• _Source data_:
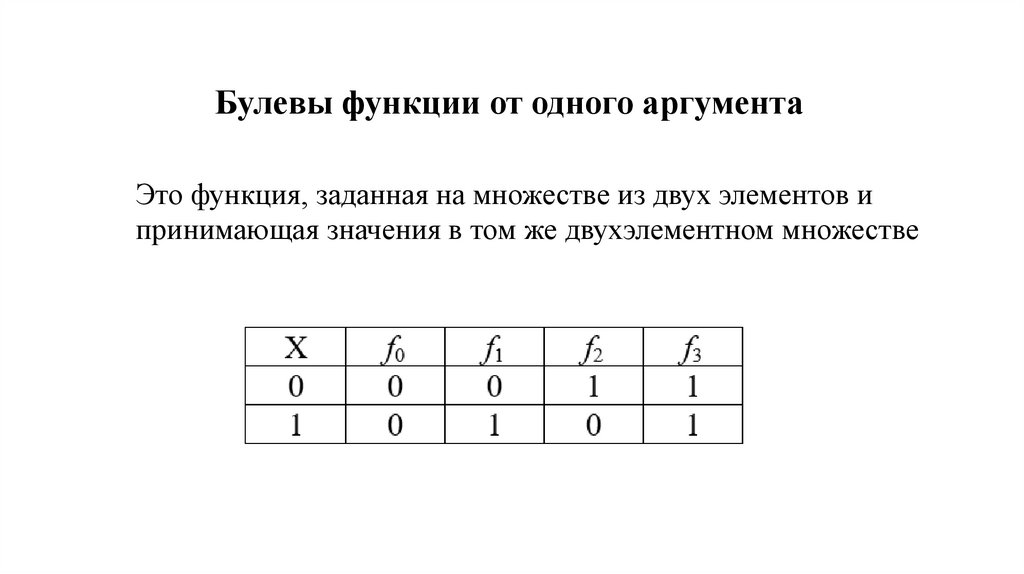 Булевы функции от одного аргументаЭто функция, заданная на множестве из двух элементов и
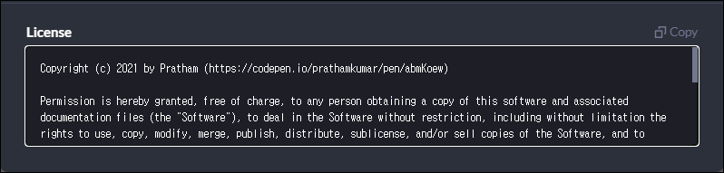 ● 2. 다시 말씀 드리면 이용은 할 수 있지만 라이센스를 꼭 명시해야 합니다. 라이센스는 펜에서 자동으로 MIT 형식으로 기록되어 있습니다. 이를 카피하여서 사용하고 싶은 홈페이지에 명시하시면 됩니다.
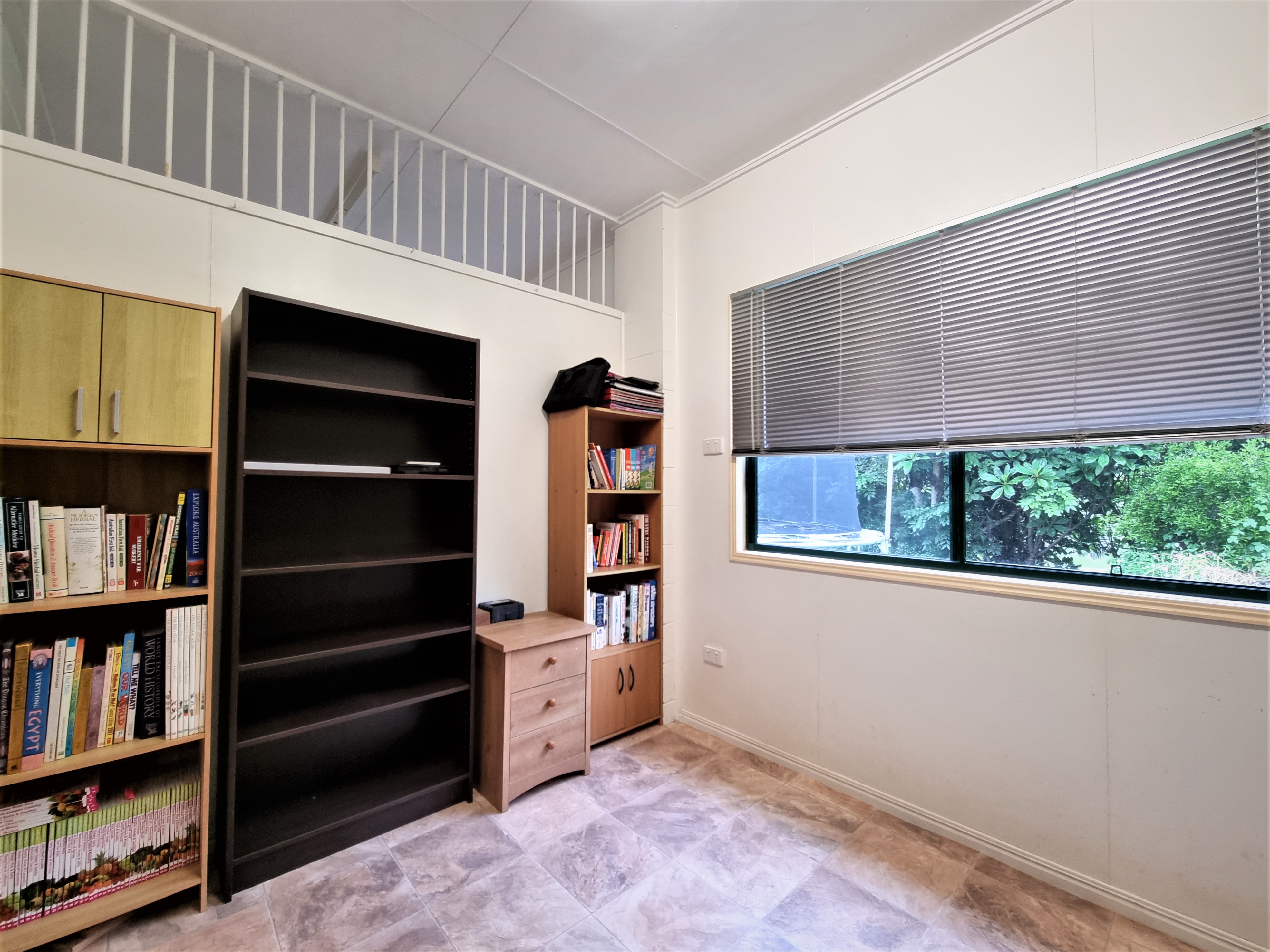 The master bedroom features a large built in robe, fan and, a handy office/storeroom with views of the front yard also.

• _Action item_:
Line by line, return the listing above exactly, dropping every picture.

• _Solution_:
 Булевы функции от одного аргументаЭто функция, заданная на множестве из двух элементов и
 ● 2. 다시 말씀 드리면 이용은 할 수 있지만 라이센스를 꼭 명시해야 합니다. 라이센스는 펜에서 자동으로 MIT 형식으로 기록되어 있습니다. 이를 카피하여서 사용하고 싶은 홈페이지에 명시하시면 됩니다.
 The master bedroom features a large built in robe, fan and, a handy office/storeroom with views of the front yard also.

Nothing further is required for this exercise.